Robert is author or coauthor of over 110 publications, primarily in the area of DNA chemistry. In particular, he and his coworkers have studied the ways in which environmental chemicals can damage our hereditary material, causing changes that can lead to mutations and cancer. His research has been supported by numerous grants from the National Institutes of Health, Department of Energy, National Science Foundation and other organizations.
 
He earned a BS in chemistry, summa cum laude (1956) from the City College of New York. He earned a MA degree in organic chemistry from from Harvard (1957), and a PhD degree in organic chemistry from Harvard, under the supervision of Nobel Laureate R.B. Woodward (1959), postdoctoral training in DNA chemistry at Cambridge with Nobel Laureate Lord Todd (1959–1960). After an additional year of postdoctoral study at the NYU Medical School, he joined the NYU Chemistry Department in 1961. He has held a Career Development Award from the National Institutes of Health and has been awarded (with physicist Paul Davies) the Trotter Prize in Complexity, Information and Inference for 2004.
 
In addition to his research, Robert has written four books and several magazine articles for the general public.
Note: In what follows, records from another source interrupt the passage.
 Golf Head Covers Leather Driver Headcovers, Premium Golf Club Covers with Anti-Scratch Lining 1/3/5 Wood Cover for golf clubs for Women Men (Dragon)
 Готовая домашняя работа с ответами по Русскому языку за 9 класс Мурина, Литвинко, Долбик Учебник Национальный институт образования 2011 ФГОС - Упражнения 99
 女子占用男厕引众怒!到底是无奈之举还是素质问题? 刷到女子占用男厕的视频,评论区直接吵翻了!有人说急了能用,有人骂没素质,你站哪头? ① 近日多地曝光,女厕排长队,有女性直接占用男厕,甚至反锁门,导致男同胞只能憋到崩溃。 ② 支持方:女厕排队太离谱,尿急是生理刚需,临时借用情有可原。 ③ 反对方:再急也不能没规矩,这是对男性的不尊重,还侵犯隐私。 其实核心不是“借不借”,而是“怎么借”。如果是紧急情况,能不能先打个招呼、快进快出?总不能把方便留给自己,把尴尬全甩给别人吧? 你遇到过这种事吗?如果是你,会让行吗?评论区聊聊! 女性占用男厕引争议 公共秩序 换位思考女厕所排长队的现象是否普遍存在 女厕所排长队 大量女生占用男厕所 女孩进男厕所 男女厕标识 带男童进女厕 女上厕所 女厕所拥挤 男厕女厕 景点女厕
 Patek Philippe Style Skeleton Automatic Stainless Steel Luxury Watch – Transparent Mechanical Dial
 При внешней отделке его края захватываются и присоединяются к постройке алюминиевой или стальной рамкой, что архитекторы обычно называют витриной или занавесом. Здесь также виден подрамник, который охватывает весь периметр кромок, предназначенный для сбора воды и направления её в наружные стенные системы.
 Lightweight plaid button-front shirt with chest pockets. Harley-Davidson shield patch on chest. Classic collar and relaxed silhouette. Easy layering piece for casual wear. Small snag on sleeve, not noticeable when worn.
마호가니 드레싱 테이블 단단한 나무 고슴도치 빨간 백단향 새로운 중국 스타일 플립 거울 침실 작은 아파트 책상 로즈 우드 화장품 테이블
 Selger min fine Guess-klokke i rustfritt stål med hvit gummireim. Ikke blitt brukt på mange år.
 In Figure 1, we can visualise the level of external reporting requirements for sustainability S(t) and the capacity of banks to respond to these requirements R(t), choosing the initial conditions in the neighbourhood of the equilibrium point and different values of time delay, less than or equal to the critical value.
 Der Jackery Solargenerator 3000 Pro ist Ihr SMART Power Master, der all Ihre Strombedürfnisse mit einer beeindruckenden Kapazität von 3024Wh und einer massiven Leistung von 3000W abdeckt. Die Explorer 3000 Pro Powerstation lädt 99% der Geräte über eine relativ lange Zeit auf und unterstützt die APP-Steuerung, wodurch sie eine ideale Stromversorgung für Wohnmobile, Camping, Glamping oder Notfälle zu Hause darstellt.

The books include: Planetary Dreams: The Quest to Discover Life Beyond Earth, Life beyond Earth : the intelligent earthling’s guide to life in the universe (coauthored with Gerald Feinberg), Origins: A Skeptic’s Guide to the Creation of Life on Earth, The Human Blueprint: The Race to Unlock the Secrets of Our Genetic Script.
 
He authored A new rationale for returning to the Moon? Protecting civilization with a sanctuary and Small Molecule Interactions Were Central to the Origin of Life, and coauthored An Alliance to Rescue Civilization, Structural and thermodynamic features of spiroiminodihydantoin damaged DNA duplexes, Molecular Dynamics of a Food Carcinogen-DNA Adduct in a Replicative DNA Polymerase Suggest Hindered Nucleotide Incorporation and Extension, and Spiroiminodihydantoin Lesions Derived from Guanine Oxidation: Structures, Energetics, and Functional Implications.
 
Robert says “Obviously, I have developed a taste for very large scientific topics.” When he is not involved in research, lecturing or writing, he enjoys running, hiking, wine-tastings, raquetball, and travel. He is married to Sandra, a clinical psychologist practicing in New York. Their son, Michael, composes music for films.